◆ **EXERCISE REQUIREMENTS**:
An exact repetition of the data is required; no picture should appear in it.

(Extracted records)
* * * * * * * * *

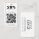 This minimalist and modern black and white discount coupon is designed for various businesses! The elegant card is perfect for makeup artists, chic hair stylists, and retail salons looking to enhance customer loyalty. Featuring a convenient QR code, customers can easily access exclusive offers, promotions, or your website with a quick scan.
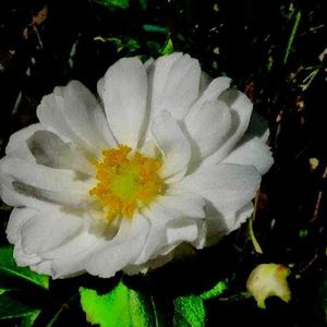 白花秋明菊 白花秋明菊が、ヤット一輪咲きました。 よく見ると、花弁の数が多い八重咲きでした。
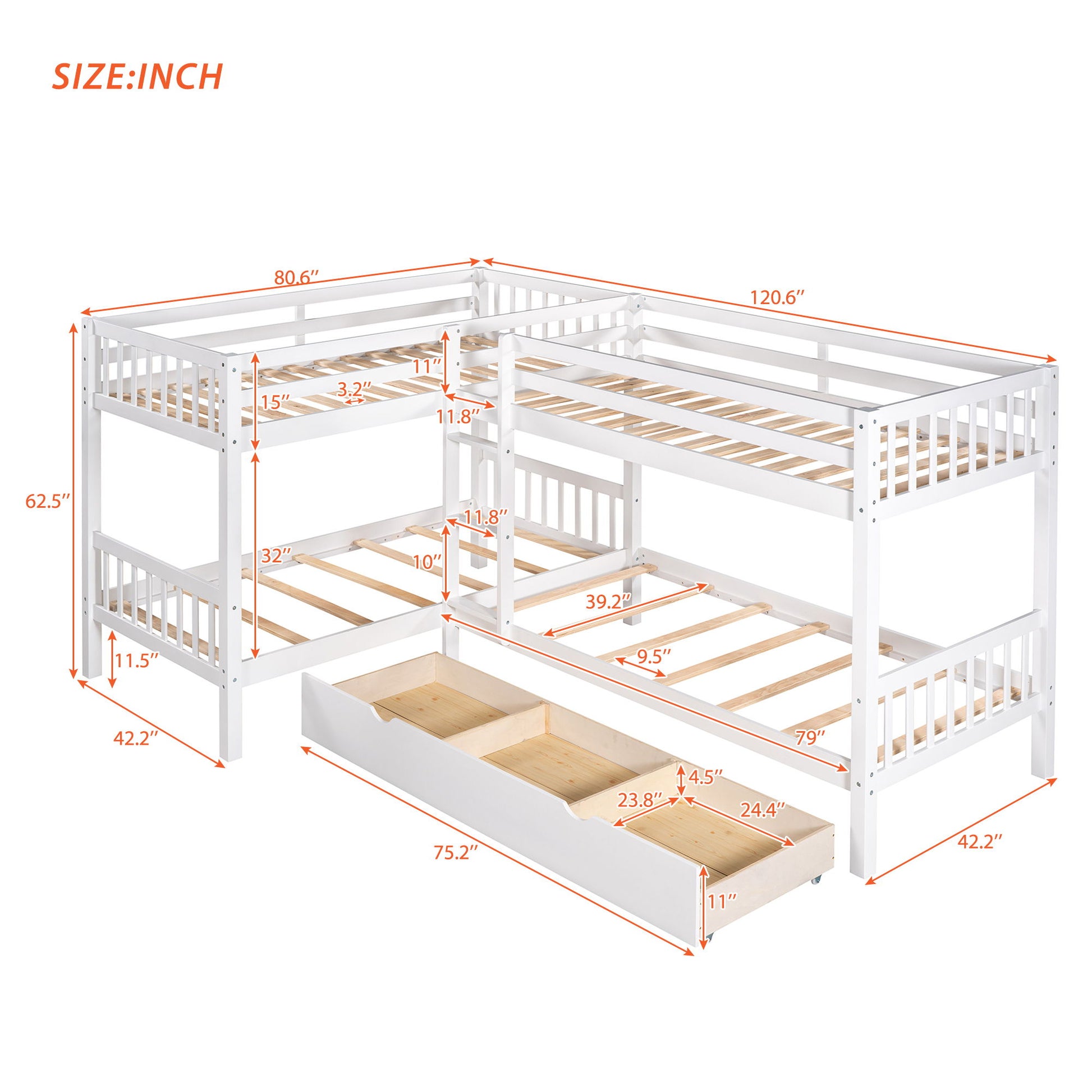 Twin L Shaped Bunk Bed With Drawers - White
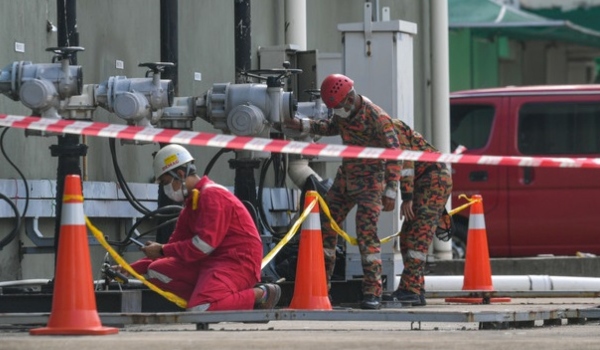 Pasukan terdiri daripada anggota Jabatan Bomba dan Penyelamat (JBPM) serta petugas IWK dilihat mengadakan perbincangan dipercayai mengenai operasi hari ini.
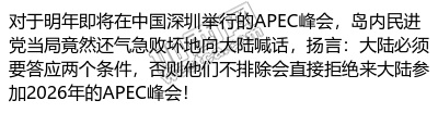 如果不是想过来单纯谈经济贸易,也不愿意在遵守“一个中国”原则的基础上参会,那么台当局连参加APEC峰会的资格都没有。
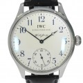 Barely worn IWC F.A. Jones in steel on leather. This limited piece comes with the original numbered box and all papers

* * * * * * * * *

◆ **WRITTEN ANSWER**:
 This minimalist and modern black and white discount coupon is designed for various businesses! The elegant card is perfect for makeup artists, chic hair stylists, and retail salons looking to enhance customer loyalty. Featuring a convenient QR code, customers can easily access exclusive offers, promotions, or your website with a quick scan.
 白花秋明菊 白花秋明菊が、ヤット一輪咲きました。 よく見ると、花弁の数が多い八重咲きでした。
 Twin L Shaped Bunk Bed With Drawers - White
 Pasukan terdiri daripada anggota Jabatan Bomba dan Penyelamat (JBPM) serta petugas IWK dilihat mengadakan perbincangan dipercayai mengenai operasi hari ini.
 如果不是想过来单纯谈经济贸易,也不愿意在遵守“一个中国”原则的基础上参会,那么台当局连参加APEC峰会的资格都没有。
 Barely worn IWC F.A. Jones in steel on leather. This limited piece comes with the original numbered box and all papers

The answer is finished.